:: Source material ::

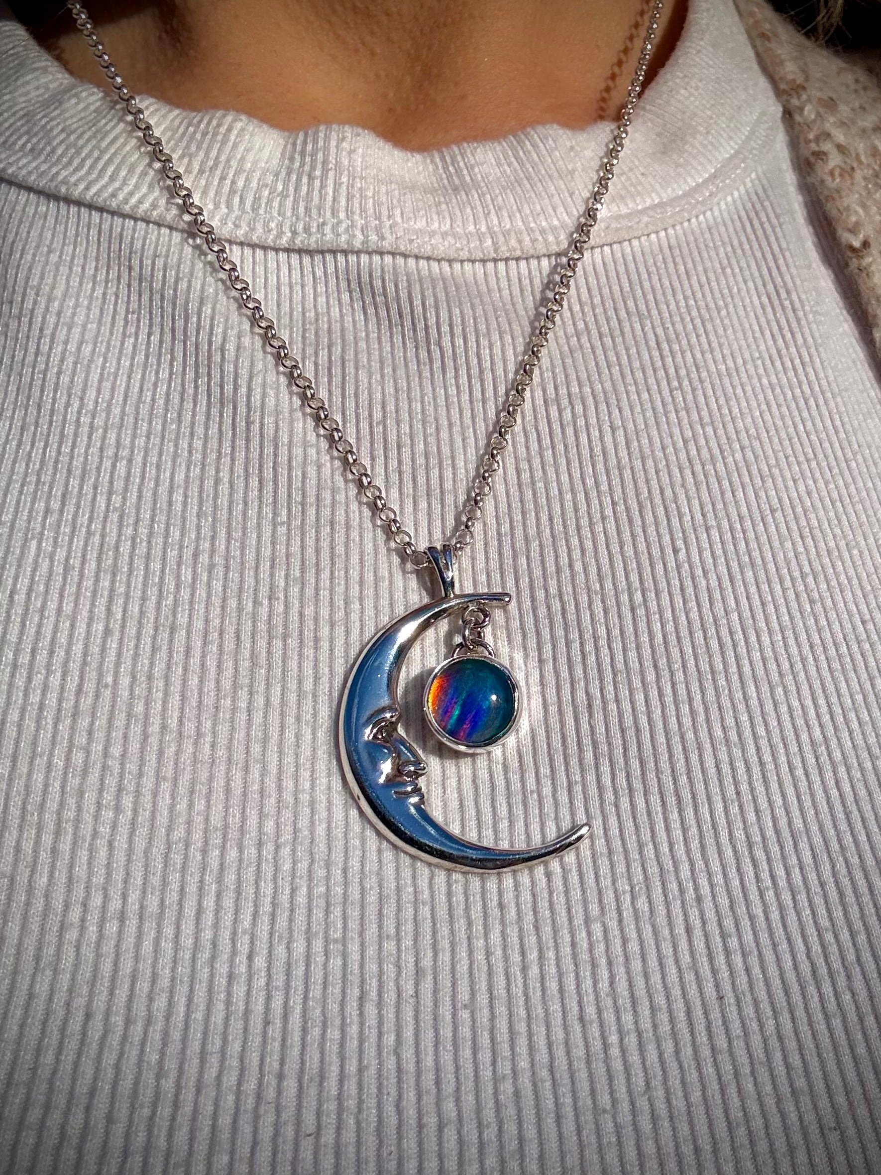 This aura opal doublet with clear quartz over top has a fantastic shimmer. Blue/green at one angle and pink/purple at the other. The opal dangles from the very tip of the man in the sterling silver moon! The moon is hung from a 20” rolo chain.
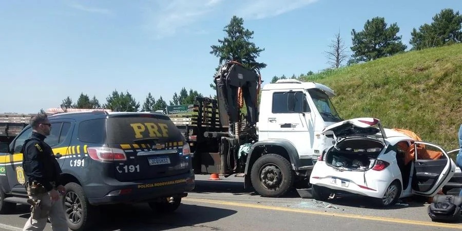 De acordo com a Polícia Rodoviária Federal, por volta das 8h, um Hyundai HB20, emplacado em Foz do Iguaçu, foi atingido na lateral por um caminhão VW 17.210.
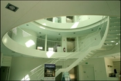 Det centrale hovedrum er forudsætningen for bygningens naturlige ventilation, hvor frisk luft strømmer ind ad automatisk oplukkelige vinduer langs periferien og op gennem det store rum for at blive lukket ud via ovenlysene.

:::

Assignment →
Go from the first line of the data above to the line containing "De acordo com" and retype exactly those lines, both included, but none of the pictures.

Exercise answer →
 This aura opal doublet with clear quartz over top has a fantastic shimmer. Blue/green at one angle and pink/purple at the other. The opal dangles from the very tip of the man in the sterling silver moon! The moon is hung from a 20” rolo chain.
 De acordo com a Polícia Rodoviária Federal, por volta das 8h, um Hyundai HB20, emplacado em Foz do Iguaçu, foi atingido na lateral por um caminhão VW 17.210.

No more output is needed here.